4)Should I dock his tail?  I would rather not, but is it more sanitary?

5)I have been offering him water, but he doesn't drink yet, is this normal?

6) I know he will be on the milk for about 8 weeks, but when do I start offering him food? and what kind?

7) When do I deworm and with what? (I have Safeguard for goats) and does he need vaccinations?

He is very cute.  His name is Duffy.  I'll post a photo when I can.


----------



## Four Winds Ranch

For a few of your questions, everyone has different ways they like to do things, so I will tell you how I usually do these things.

His umbilical cord should fall of in about 10ish days.
As long as he is pooping and peeing, he should be fine, the color will start lightening because he just gets milk, and as he starts eating solid foods, it will darken up abit. Just keep an eyeout for constipation, or runs which sometimes happen with bottle lambs!
I usually castrate at 3-7 days. and I use the rubber bands. 
I dock all my lambs tails with the rubber band as well, the same time I castrate. You don't have to it is your choice. Most people don't dock hair sheep tails.
He probably wont eat or drink any thing but the bottle for a week or so, then I would make sure he had water, hay and a creep lamb pellet avaliable free choice.
I am not sure when would be the youngest you could worm. I usually do mine at about 2 months old. I have never used Safegaurd so am not sure if it can be used, I use Ivomectin. You could phone a vet and ask.
Up to you on the vaccinations too. I vaccinate at 1 month old, some people do it earlier, and I know of quite a few people that don't vaccinate at all!

Hopefully this will help you a bit!
I am looking forward to the pictures of Duffy!!!!


----------



## Molly

Thanks for your advice, he is pooping more now, and it looks healthy.  I have been trying to post a photo of the little guy, but can't figure it out.  I have uploaded a photo, but can't get it to post. :/


----------



## SheepGirl

I'm not familiar with the Est a Laine breed--had to look them up!

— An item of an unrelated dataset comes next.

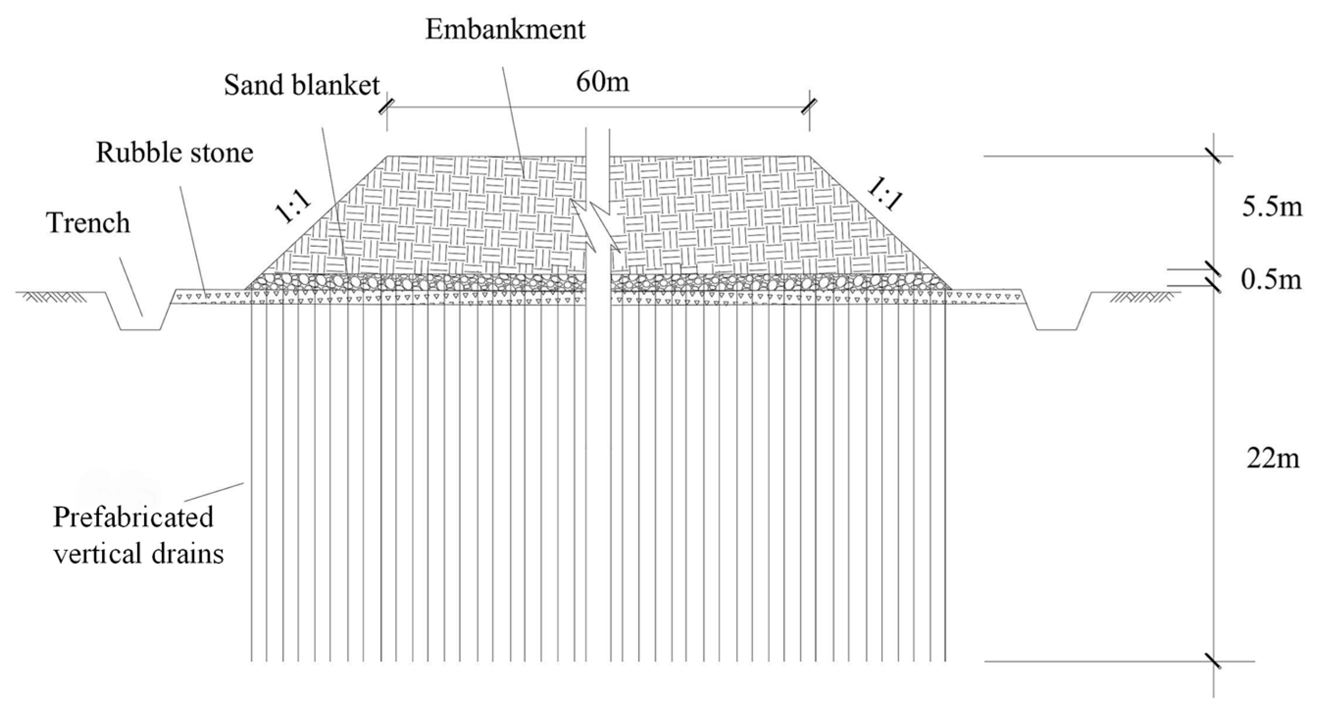 - Wu, J.; Xuan, Y.; Deng, Y.; Li, X.; Zha, F.; Zhou, A. Combined Vacuum and Surcharge Preloading Method to Improve Lianyungang Soft Marine Clay for Embankment Widening Project: A Case. Geotext. Geomembr. 2021, 49, 452–465. [Google Scholar] [CrossRef]

But to answer your questions...

1. His umbilical cord will fall off by the time he is 2 weeks old. If you hold him a lot it may end up coming off that way, through you accidentally pulling on it.

2. As long as he's pooping & peeing he's alright. Keep checking his rear end to make sure manure isn't building up. When a lamb nurses off a ewe, their tail wags, encouraging their mothers to sniff/lick/clean their behinds. So if he doesn't have his mother doing that, then it's up to you.

3. I castrate by the time they are a week old and I use the rubber rings/elastrator. I have castrated up to 3 wks.

4. Since he is a wool breed, it is HIGHLY recommended you dock his tail because if he ever has runny poop his manure will stick to his wool which will stick to his tail and then it's NASTY, SMELLY, and his anus is blocked off and he cannot poop, causing a medical emergency. We use the rubber ring/elastrator method for this also. The earlier the better, and we do it by 3-4 days old, but usually as soon as possible after birth so no one is forgotten.

5. He likely won't drink it until he starts eating solid foods. He would normally watch his mother or other sheep drink and that's how he learns, so it may take him awhile to figure it out on his own. Keep offering fresh water daily.

6. You can start him on leafy hay and lamb grower/starter creep feed at about 2 weeks old. Offer both the hay and grain to him free choice and give him fresh feed daily. When he's weaned you can then start to limit his consumption of grain and also hay.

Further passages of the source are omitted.